Tuesday, October 18, 2011

The Thrill of Reality

Oscar Wilde famously said, "Life imitates art."  As apt as this aphorism may be, there are still others who put a premium instead on reality as a vehicle for artistic expression.  So, conversely, Kierkegaard said, "Life is not a problem to be solved but a reality to be experienced."

To that end, I have been reading a lot of non-fiction. Histories, memoirs, autobiographies, textbooks, etc.  I just finished The Devil in the White City, by Erik Larsen, and am moving next to My Lucky Life, Dick Van Dyke's autobiography.  I also have, on my shelf at the moment, a history of coffee, a biography of Nikolai Tesla, a basic history of Islam, and a book about sex, written by women for women in the candid style which so many of us appreciate.  There is something about non-fiction which I find compelling.

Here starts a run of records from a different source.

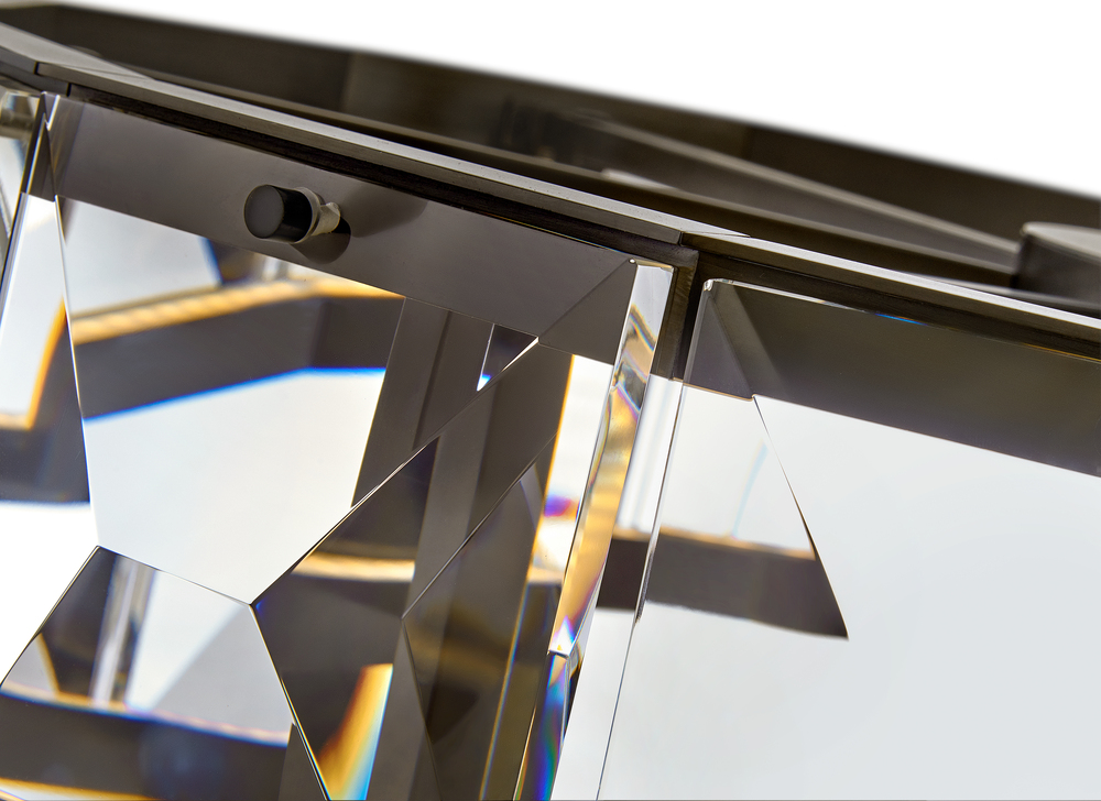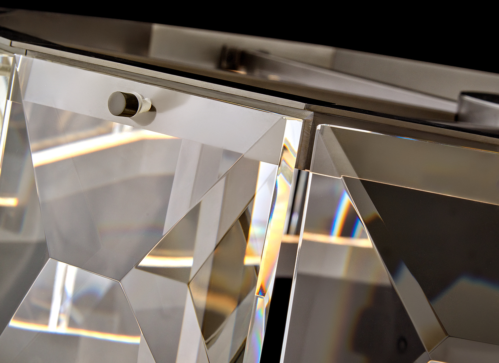 Jolie is a unique blend of sophistication, style, and technology. Integrated LEDs are sleekly concealed within gleaming Heritage Brass rings at the top and bottom of the design. Robust blocks of faceted crystal radiate with light, creating a transfixing silhouette while providing outstanding illumination.
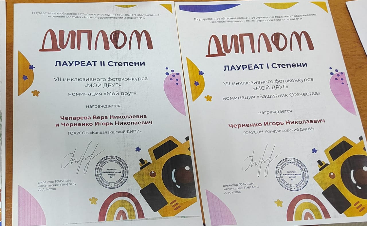 В июле одна из семейных пар, проживающих в наше доме-интернате, приняли участие в VII инклюзивном фотоконкурсе «МОЙ ДРУГ», организаторами которого является ГОАУСОН «Апатитский психоневрологический интернат №1». Вера Николаевна Чепарёва и Игорь Николаевич Черненко представили свои фотоработы в нескольких номинациях. Все друзья, знакомые и сотрудники учреждения активно поддерживали наших конкурсантов.
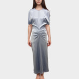 Victoria Beckham Light Blue Satin Dress With Ruched Design
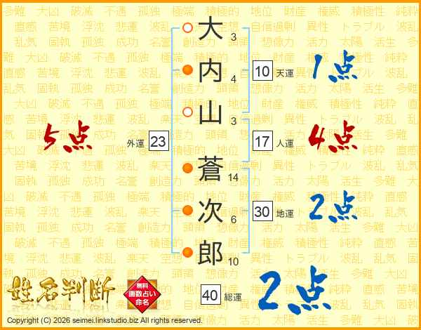 大(3画)内(4画)山(3画) 蒼(14画)次(6画)郎(10画)
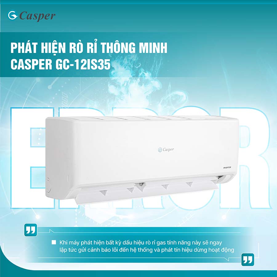 Tính năng phát hiện rò rỉ thông minh trên điều hòa Casper GC-12IS35nhằm đảm bảo an toàn tuyệt đối cho người sử dụng. Khi máy phát hiện bất kỳ dấu hiệu rò rỉ gas nào trong hệ thống, tính năng này sẽ ngay lập tức gửi cảnh báo lỗi đến hệ thống trung tâm và phát tín hiệu dừng hoạt động để tránh những sự cố có thể xảy ra do việc thiếu gas hoặc rò rỉ, bảo vệ hệ thống máy lạnh cũng như sức khỏe người dùng. Việc dừng hoạt động khi phát hiện rò rỉ gas không chỉ giúp đảm bảo sự an toàn cho gia đình mà còn ngăn ngừa những thiệt hại về tài sản có thể phát sinh từ các sự cố ngoài ý muốn.

It may be that I simply need a change of pace.  When I was in high school, I wanted to be a teacher.  An English teacher, to be precise.  I read everything I could get my hands on (and then some) and never picked up non-fiction unless required to by a teacher.  Non-fiction just did not have the pull that fiction did then, when most of it was about experiences felt deeply by the characters and exposed their passions and most secret feelings.  I was a girl who felt deeply, and thus my reading material should reflect that, I reasoned.  Or maybe reason got left out of it and I just intuitively picked things that suited my needs at the time.  I read a lot of classics (think Austen) and genuinely enjoyed my English homework.  I began actually writing, and thought seriously about a career in such a mode.  The most exciting thing about the end of the school year was the summer reading list.  Even if I didn't enjoy the novels on the list, I enjoyed having a list off of which to pick my reading materials.  I made my own lists and tried to read things considered required reading for college and a well-rounded education.  Little did I realize I was leaving out a major segment of thought.

Then I became a history major.  I know this is a common theme in my writings, but being a history major changed my whole life and my perceptions of the world.  In this particular case, it opened me up to the world of non-fiction.  Soon, the novels in my English classes failed to grab me in the way they had when I was in high school.  It was a chore to read most of the novels for those classes, and I would pine for my history reading.  One possible explanation was that the history reading was simply more interesting at the time and that my teachers picked novels I didn't enjoy (I will never read another D.H. Lawrence novel for as long as I live if I can help it.  I detest the man and his repetitive, overblown writing style).  Another is that I just needed reality to help me escape from my own reality, instead of an imagined world instead.

And here I am, six months after graduating from college, and I've only read a few novels.  In fact, most of the novels I've enjoyed the most are for kids.  I have never been able to free myself from the lure of late elementary school, early middle school novels.  I always return to them.  Instead, I'm reading non-fiction, delving into other people's lives and learning new (and occasionally useful) information.  The drive to fill the void of the intellectual calisthenics of college is apparently having quite a strong effect on me.  I am gathering the proverbial rosebuds, but instead of novels, this time, I'm gathering pieces of information and stringing them together to make a beautiful and eclectic necklace.  And I don't really care that at this point it's only for decoration.

I still pick up novels.  I'm still looking for something that will hook me in completely and irresistibly.  There is nothing quite like a novel that sucks you in and keeps you reading until it's finished.  I miss the thrill of picking up a book and not putting it down until I've finished it.  And so I pick up novels.  I search for that feeling, and usually end up discarding them after only a few chapters.  It's like first love.  You have to feel that spark and electricity, or else the pursuit loses its charm and magnetism.  And I drop it.  Quickly.

Until the time when I can again find the inescapable fixation of a truly great novel, I will continue to read my non-fiction.  And thoroughly enjoy a different take on the same reality.  In that way, non-fiction is just as legitimate an art form as fiction, because isn't the point of fiction to present a fresh perspective and to challenge our entrenched notions of ourselves and the world around us?  In this case, non-fiction is up to the task.  I read it with gusto.